Further evidence suggests that both the cerebellum and the basal ganglia are the cornerstone of an internal timing system (Ivry 1997; Diedrichsen et al. 2003). Recently, Claassen et al. (2013) tested cerebellar disorders (CD) and PD, using a synchronization–continuation paradigm, to decipher the role of the cerebellum and basal ganglia in motor timing. They found that CD participants were less accurate than PD patients during the continuation phase, suggesting a specialized role for the cerebellum in internal timing (Claassen et al. 2013). Hence, it is possible to speculate that consonant pitch intervals may activate the cerebellum more than dissonant ones, and this may account for the better and more precise clocking of fine movements. For a better understanding of this mechanism, it would be interesting to investigate how the sensorimotor system in cooperation with the auditory system extracts relevant information embedded in the musical pitch intervals to control movements in a synchronization–continuation task.

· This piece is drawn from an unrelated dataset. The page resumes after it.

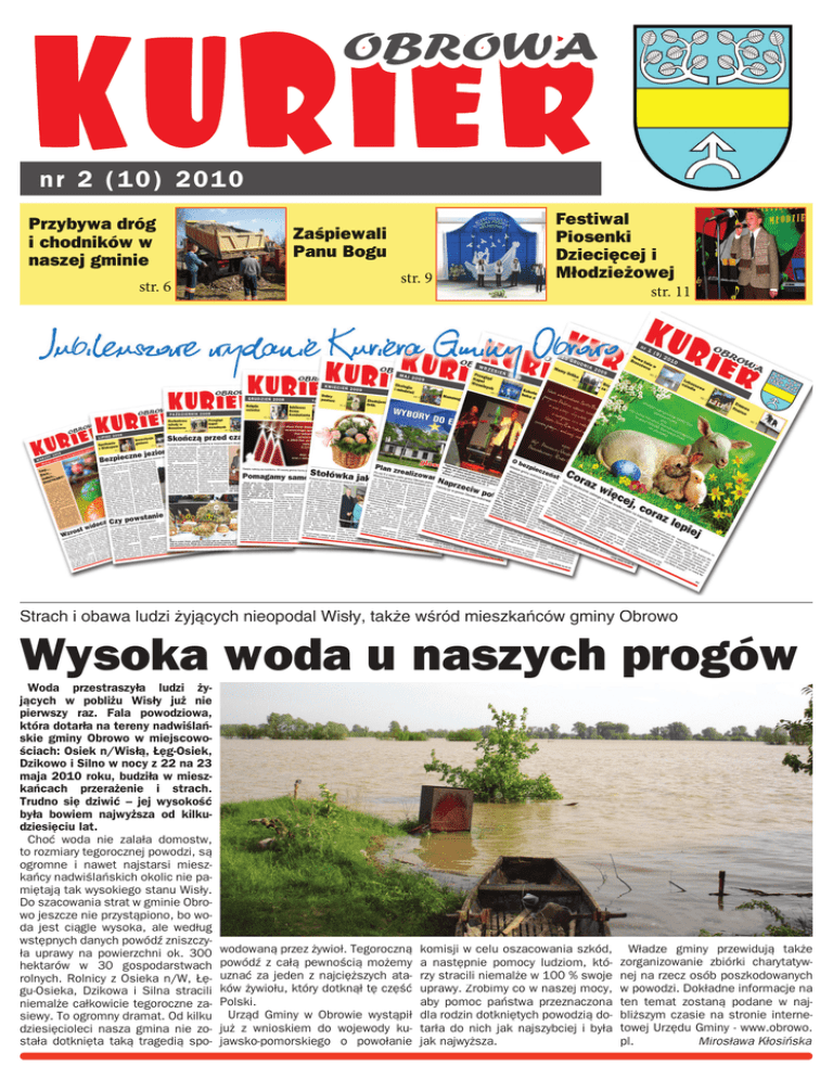 nr 2 (10) 2 0 1 0 Przybywa dróg i chodników w naszej gminie str. 6 Zaśpiewali Panu Bogu str. 9 Festiwal Piosenki Dziecięcej i Młodzieżowej str. 11 Strach i obawa ludzi ¿yj¹cych nieopodal Wis³y, tak¿e wœród mieszkañców gminy Obrowo Wysoka woda u naszych progów Woda przestraszyła ludzi żyjących w pobliżu Wisły już nie pierwszy raz. Fala powodziowa, która dotarła na tereny nadwiślańskie gminy Obrowo w miejscowościach: Osiek n/Wisłą, Łęg-Osiek, Dzikowo i Silno w nocy z 22 na 23 maja 2010 roku, budziła w mieszkańcach przerażenie i strach. Trudno się dziwić – jej wysokość była bowiem najwyższa od kilkudziesięciu lat. Choć woda nie zalała domostw, to rozmiary tegorocznej powodzi, są ogromne i nawet najstarsi mieszkańcy nadwiślańskich okolic nie pamiętają tak wysokiego stanu Wisły. Do szacowania strat w gminie Obrowo jeszcze nie przystąpiono, bo woda jest ciągle wysoka, ale według wstępnych danych powódź zniszczyła uprawy na powierzchni ok. 300 hektarów w 30 gospodarstwach rolnych. Rolnicy z Osieka n/W, Łęgu-Osieka, Dzikowa i Silna stracili niemalże całkowicie tegoroczne zasiewy. To ogromny dramat. Od kilku dziesięcioleci nasza gmina nie została dotknięta taką tragedią spo- wodowaną przez żywioł. Tegoroczną powódź z całą pewnością możemy uznać za jeden z najcięższych ataków żywiołu, który dotknął tę część Polski. Urząd Gminy w Obrowie wystąpił już z wnioskiem do wojewody kujawsko-pomorskiego o powołanie komisji w celu oszacowania szkód, a następnie pomocy ludziom, którzy stracili niemalże w 100 % swoje uprawy. Zrobimy co w naszej mocy, aby pomoc państwa przeznaczona dla rodzin dotkniętych powodzią dotarła do nich jak najszybciej i była jak najwyższa. Władze gminy przewidują także zorganizowanie zbiórki charytatywnej na rzecz osób poszkodowanych w powodzi. Dokładne informacje na ten temat zostaną podane w najbliższym czasie na stronie internetowej Urzędu Gminy - www.obrowo. pl. Mirosława Kłosińska Odnowiony cmentarz menonicko- ewangelicki w Silnie gm. Obrowo zosta³ otwarty Ratujemy ślady przeszłości Po trzech latach prac rewitalizacyjnych 25 maja 2010 r. odbyła się uroczystość symbolicznego otwarcia cmentarza mennonicko-ewangelickiego w Silnie. Akcja realizowana była w ramach programu „Ślady przeszłości - uczniowie adoptują zabytki”. Pierwszą część uroczystości zorganizowanej w Zespole Szkół im. Jana Pawła II w Obrowie otworzył dyrektor Artur Affelt, który przedstawił historię menonitów i ich związek z terenami naszej gminy. Opiekun projektu Maciej Bandrowski przypomniał początki projektu i działania podjęte przez uczniów. Młodzież z opiekunem zebrała dokumentację w Archiwum Państwowym w Toruniu i w Urzędzie Gminy w Obrowie oraz dokonała aktu adopcji cmentarza, przyrzekając opiekę nad nekropolią. Następnie uczniowie z nauczycielami zaprosili gości na cmentarz menonicko-ewangelicki do Silna nad Wisłą. Tam uczniowie z koła teatralnego ”Lolek” prowadzonego przez Irenę Szymeczką, wykorzystując swoje umiejętności posługiwania się j. niemieckim, przedstawili inscenizację pt. ”Z Hanoweru do Silna”. Na miejscu głos zabrali proboszcz parafii ewangelicko-augsburskiej z Torunia ks. Jerzy Molin, proboszcz parafii rzymsko-katolickiej z Obrowa ks. Tadeusz Lewandowski oraz wójt gminy Obrowo Andrzej Wieczyński. Spotkanie zakończono ekumeniczną modlitwą. Główne założenia projektu to: zebranie dostępnych materiałów archiwalnych na temat historii i okoliczności powstania cmentarza, pozyskanie zezwoleń na prowadzenie prac renowacyjnych na cmentarzu, sporządzenie dokumentacji fotogra- ficznej i opisowej obiektu, usunięcie zalegających liści i gałęzi drzew, wycięcie samosiejek drzew i krzewów zarastających groby, oczyszczenie z mchów i porostów resztek grobów, ułożenie chodnika, umieszczenie krzyża i tablicy informacyjnej. Uczniowie złożyli dwukrotnie wizytę w Warszawie na Ogólnopolskiej Prezentacji Projektów ”Ślady przeszłości - uczniowie adoptują zabytki”. Brali udział w ogólnopolskiej konferencji i warsztatach dla uczniów i nauczycieli pt. „Wspólna przeszłość - wspólna przyszłość organizowanych przez Centrum Edukacji Obywatelskie w Warszawie pod patronatem Ministerstwa Edukacji Narodowej. Zaproszeni goście mieli możliwość zwiedzenia wystawy, która dokumentowała zakres przeprowadzonych prac oraz wpisania się do księgi pamiątkowej. Przy realizacji projektu wspierali nas: wójt gminy Obrowo Andrzej Wieczyński fundator tablicy pamiątkowej, Urząd Gminy w Obrowie, Dyrekcja Zespołu Szkół im. Jana Pawła w Obrowie, Nadleśnictwo Dobrzejewice, uczniowie gimnazjum nr 1 w Obrowie, pracownicy Zespołu Szkół im. Jana Pawła w Obrowie i Szkoły Podstawowej im. M. Kopernika z Łążyna II, rodzice i opiekunowie uczniów oraz Centrum Edukacji Obywatelskiej w Warszawie. Wszystkim za okazaną pomoc serdecznie dziękujemy. Opiekun projektu Maciej Bandrowski Rada Gminy podjê³a uchwa³ê o tegorocznych taryfach za wodê i œcieki Taryfy za ścieki i wodę - bez zmian Urząd Gminy Obrowo przypomina, że od 1 maja 2010 r. obowiązuje nowa taryfa dla zbiorowego zaopatrzenia w wodę i zbiorowego odprowadzania ścieków. Uchwałą NR XXXIV/213/2010 Rady Gminy Obrowo z dnia 23 kwietnia 2010 r. zatwierdzono taryfę dla zbiorowego zaopatrzenia w wodę i zbiorowego odprowadzania ścieków na okres od 01 maja 2010 r. do 30 kwietnia 2011 r. Aktualne opłaty dla zbiorowego zaopatrzenia w wodę i zbiorowego odprowadzania ścieków: • za 1 m3 wody pobieranej z urządzeń zbiorowego zaopatrzenia w wodę położonych na terenie gminy Obrowo - 1,96zł + VAT (2,10zł z VAT); • za 1 m3 ścieków odprowadzonych do zbiorowych urządzeń kanalizacyjnych położonych na terenie gminy Obrowo - 2,49zł + VAT 2,66zł z VAT); • za 1 m3 ścieków dowożonych do zbiorowych urządzeń kanalizacyjnych -

By knowing better why consonant musical pitch intervals can benefit the synchronization of movement compared with their dissonant counterparts, we might be able to use them as auditory guides to improve movement performance in patients with sensory–motor deficits, such as in PD (Rodger et al. 2013). It has been shown that acoustic guides for movement are beneficial in reducing spatial and temporal gait variability in PD patients (Young et al. 2014; Bieńkiewicz et al. 2014; Young et al. 2013). Moreover, the notion that different musical chords evoke different emotions, which in turn can potentially drive the generation of different movement patterns, might be applied to the models of affective engagements with music involving body movement and dance. Further experimental exploration on the relationship between sensorimotor coupling with music and emotion might shed light on why some dances are set to certain kinds of music. It should be noted that the present experiment assessed the perceptual motor ability in a normal population and will be used in the future as a model for testing expert musicians. A tentative hypothesis can be advanced where one might expect that expert musicians will not differ in their performance when synchronizing their movement to consonant and dissonant sound intervals. This putative result would add to our knowledge of the perceptual–motor changes that result from learning a musical instrument.

Conclusions

In the present study, we tested the effects of musical consonance/dissonance on sensorimotor timing in a synchronization–continuation paradigm during which participants performed reciprocal aiming movements. Remarkably, the analysis of the participants’ movement in the continuation phase revealed that after listening to consonant as opposed to dissonant intervals smaller absolute synchronization errors and spread of errors were found. Furthermore, a higher percentage of movement was tau-coupled and a higher degree of movement circularity was also found. It might be argued that musical pitch combinations caused alterations in perceived tempo during the synchronization phase that, in turn, resulted in a different regulation of motor commands during the continuation phase. Overall, it was found that the harmonic aspects of the musical structure systematically affected both the movement form and timing. We believe that this research yields new insights into the nature of the innate bias that makes consonance perceptually more attractive than dissonance.